In terms of human evolution, we have discarded many myths with the angst of scientific reasoning and curiosity. Individuals with maladaptive reasoning are stuck somewhere in medical history when physicians judged psychological traits by the shape of one's skull. The point to remember is the premise that adults with maladaptive personality thrive upon fictional accounts of who they are and why they need relationships. Most will never evolve in their lifetime. They are dedicated to repeating the dark sides of opportunistic history and they reside in every demographic group in our nation.

Young and older adults trying to resolve complicated relationships and premarital anxiety may find this book useful as a resource to clarify or validate their adaptive instincts. Adults who are afraid of talking about difficult subjects with their teenagers may value information in this book. This book is a starting point for individuals who want to enhance their own maturational potential or move beyond the restraints placed upon them by the ulterior motives of others. Individuals with ulterior motives want life to be overly mysterious and at times too frightening.

This book is very comprehensive. Each chapter addresses recurrent individual and relational struggles in life. Basic terms and principles are discussed which will increase a reader's reasoning skills.
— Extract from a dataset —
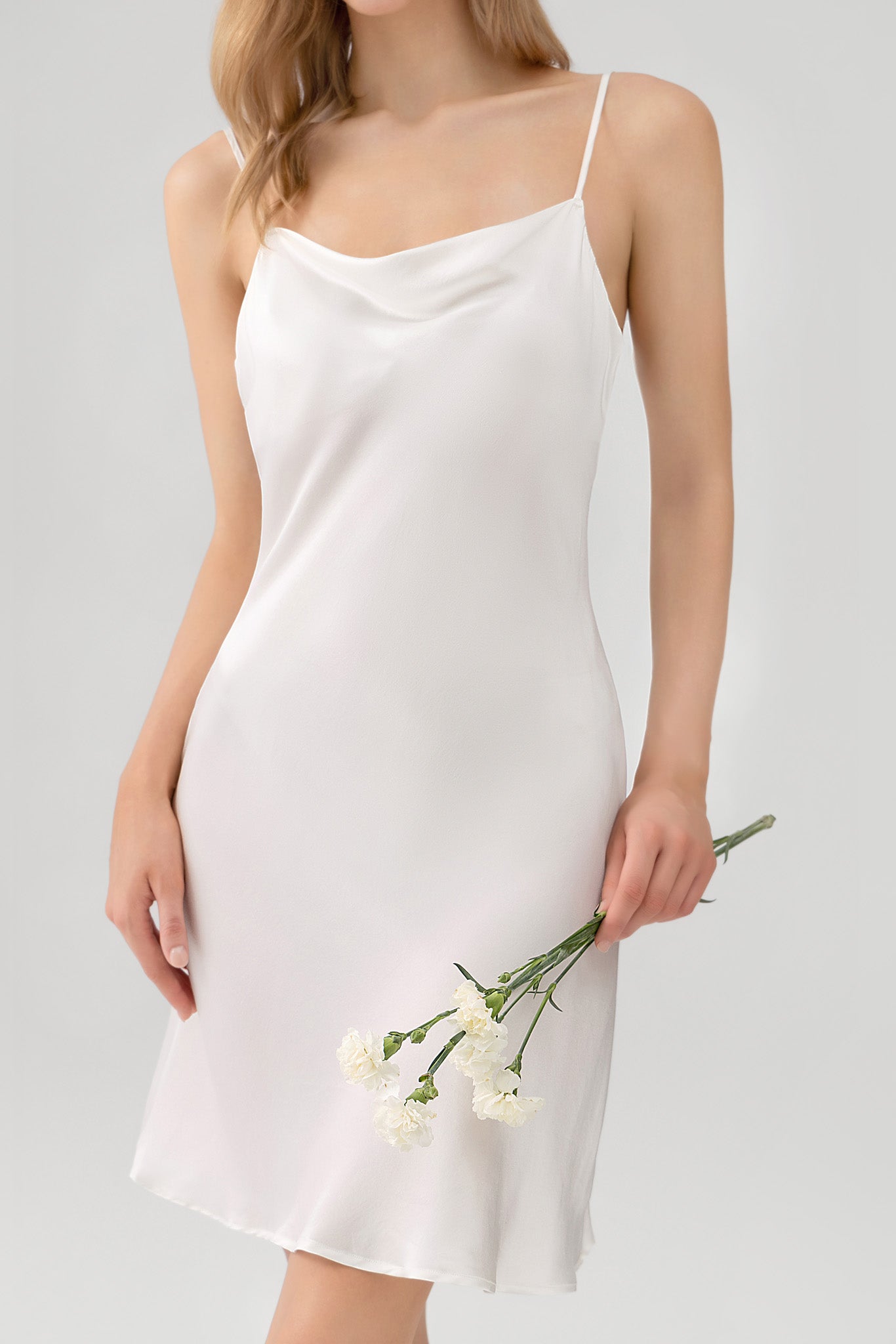fake-image Relaxed Fit Silk Cowl Neck Nightgown In White – Jasmisilk

Personality disorders and defense mechanisms are defined in ways that help the reader understand their unique interpersonal properties. Just as great thinkers have processed volumes of misinformation, maturing adults also find themselves separating fact from fiction which is a normal developmental task in life.

The maladaptive dynamics you find in divorce also challenge the health of other relationships. These universal tensions are clearly illustrated in Chapter 8, Types of Divorce-Types of Personality. In this chapter, I introduce my model of personality that demystifies interpersonal conflict. It illustrates why adults vary in terms of what they need in relationships and how they perceive reality. In subsequent chapters, this model clarifies variations and misconceptions regarding trust, self esteem, intimacy, dissent, procrastination, grief and racism.

Many Americans may not know that our founding fathers established the first model of personality with their tripartite model of government. They were anxiously preoccupied with the stability of their fledgling union and the generational emergence of evil.

Maturational tensions and discrepancies between partners may either improve a relationship or threaten its stability. These maturational discrepancies have not become part of our day-to-day understanding regarding marital or other interpersonal well-being.

Most individuals need relationships and it can be difficult accepting the reality that people dramatically differ in terms of interpersonal integrity, intimacy and awareness. Maladaptive perceptions regarding reality fuel the needless chaos, fear, guilt and confusion found in dying relationships.